_Record set:_
++++++++

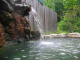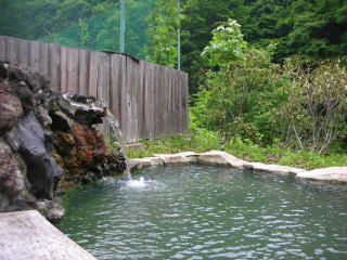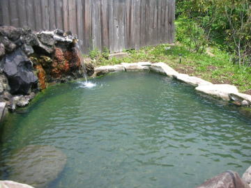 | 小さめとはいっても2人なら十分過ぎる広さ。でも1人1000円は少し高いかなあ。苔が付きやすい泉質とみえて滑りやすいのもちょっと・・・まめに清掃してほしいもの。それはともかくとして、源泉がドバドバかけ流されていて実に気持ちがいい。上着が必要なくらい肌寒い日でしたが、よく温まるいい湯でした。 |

++++++++

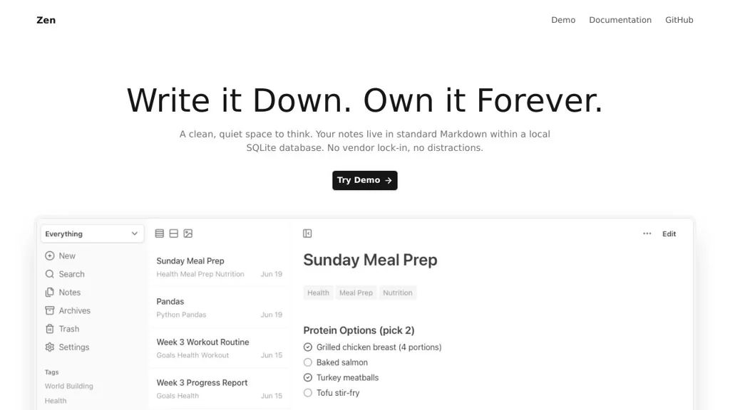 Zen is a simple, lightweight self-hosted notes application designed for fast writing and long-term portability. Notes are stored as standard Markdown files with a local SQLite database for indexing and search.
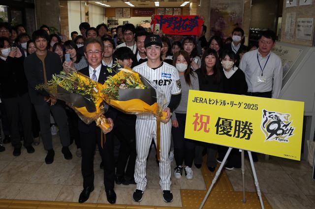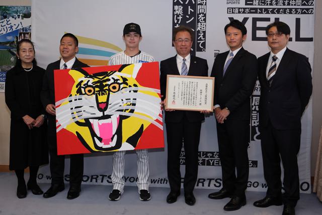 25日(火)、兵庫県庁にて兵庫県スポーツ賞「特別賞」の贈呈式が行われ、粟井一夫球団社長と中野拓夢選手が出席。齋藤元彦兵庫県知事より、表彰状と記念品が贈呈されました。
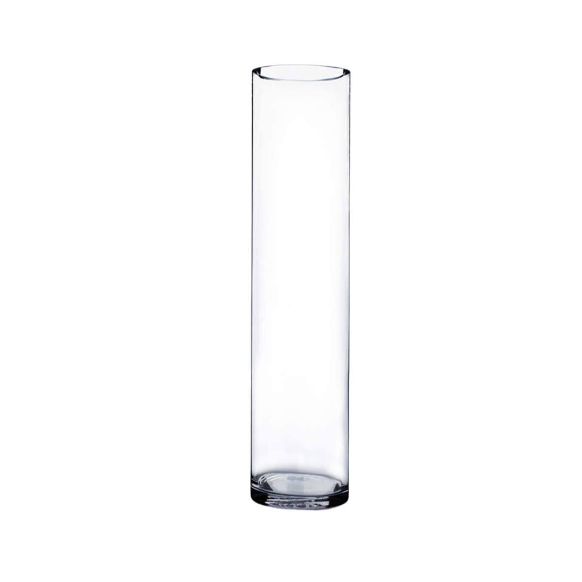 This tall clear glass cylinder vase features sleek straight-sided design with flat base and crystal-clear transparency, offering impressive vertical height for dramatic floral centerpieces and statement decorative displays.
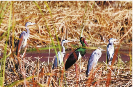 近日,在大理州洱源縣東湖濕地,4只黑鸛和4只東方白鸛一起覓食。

++++++++

_What to work on:_
From the records above, copy exactly the stretch from the line holding "25日(火)、兵庫県庁にて兵" through the line holding "近日,在大理州洱源縣東湖濕地,4只黑鸛和4只東方白鸛一起覓食。", both ends included, without the pictures.

_Answer to this task:_
 25日(火)、兵庫県庁にて兵庫県スポーツ賞「特別賞」の贈呈式が行われ、粟井一夫球団社長と中野拓夢選手が出席。齋藤元彦兵庫県知事より、表彰状と記念品が贈呈されました。
 This tall clear glass cylinder vase features sleek straight-sided design with flat base and crystal-clear transparency, offering impressive vertical height for dramatic floral centerpieces and statement decorative displays.
 近日,在大理州洱源縣東湖濕地,4只黑鸛和4只東方白鸛一起覓食。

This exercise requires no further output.